___ Data section

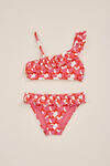 La natation avec une touche d'originalité ! Fabriqué à partir d'un mélange de polyamide recyclé, ce bikini présente une encolure inclinée avec des volants et un design semi-off-shoulder. Prêt à affronter les vagues.
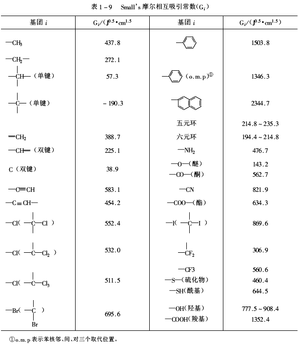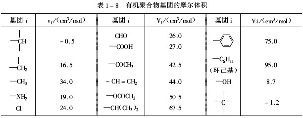 有機聚合物基團的摩爾體積見表1-8;Small's摩爾相互吸引常數見表1-9。
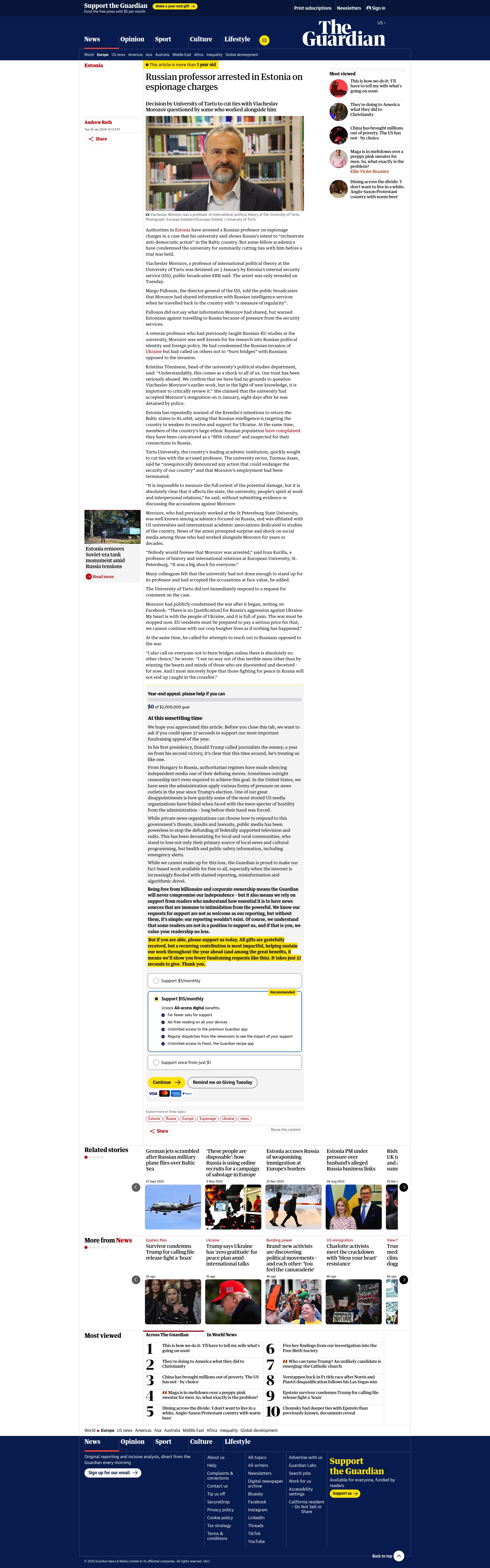 - "Viacheslav Morozov, a professor of international political theory at the University of Tartu... was arrested on suspicion of spying for Moscow."
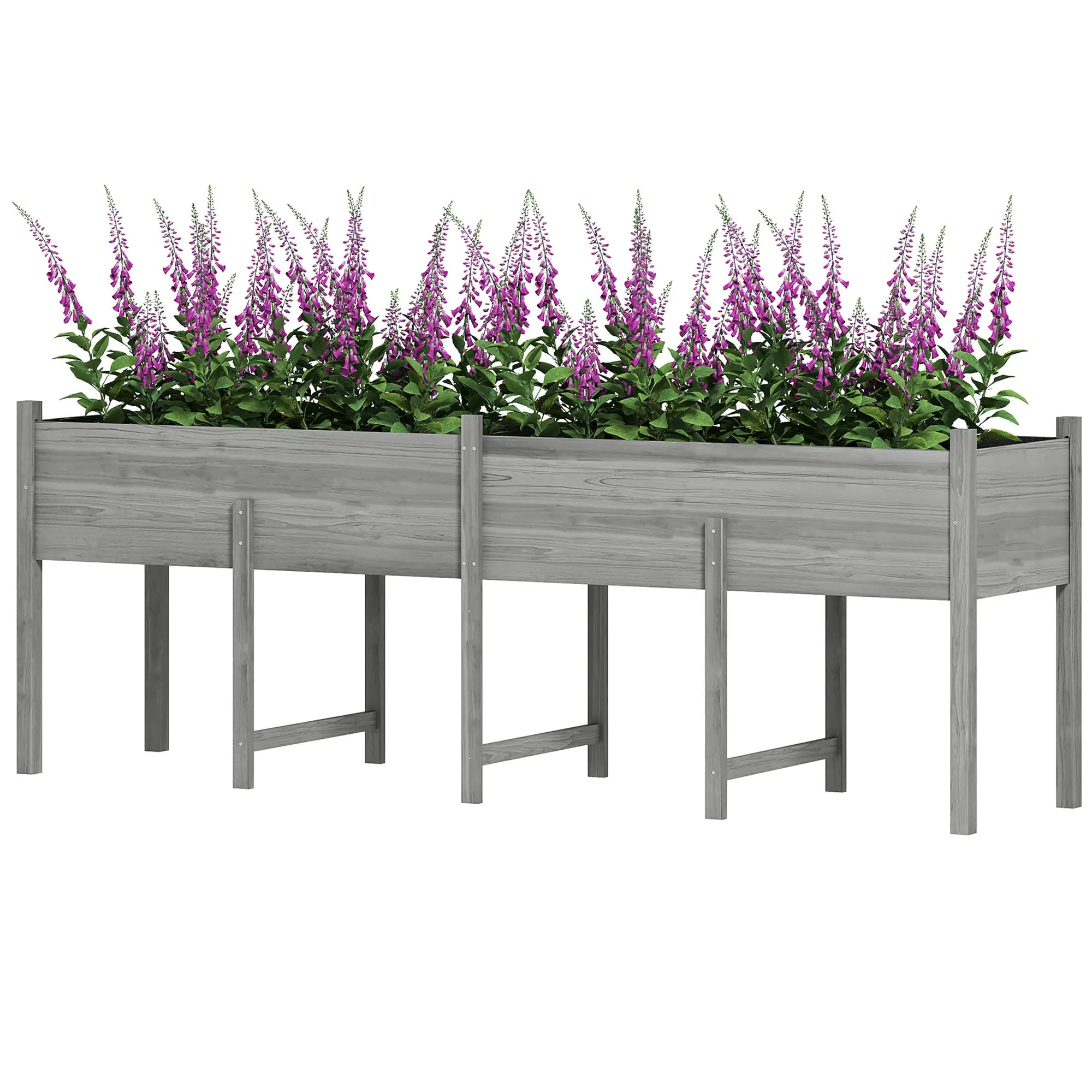 Bac de Jardin Surélevé en Bois, Grande Boîte Surélevée avec Pieds, Gris

______

> [Exercise]
Return the material above verbatim. Pictures are to be excluded.

> [Response for this exercise]
 La natation avec une touche d'originalité ! Fabriqué à partir d'un mélange de polyamide recyclé, ce bikini présente une encolure inclinée avec des volants et un design semi-off-shoulder. Prêt à affronter les vagues.
 有機聚合物基團的摩爾體積見表1-8;Small's摩爾相互吸引常數見表1-9。
 - "Viacheslav Morozov, a professor of international political theory at the University of Tartu... was arrested on suspicion of spying for Moscow."
 Bac de Jardin Surélevé en Bois, Grande Boîte Surélevée avec Pieds, Gris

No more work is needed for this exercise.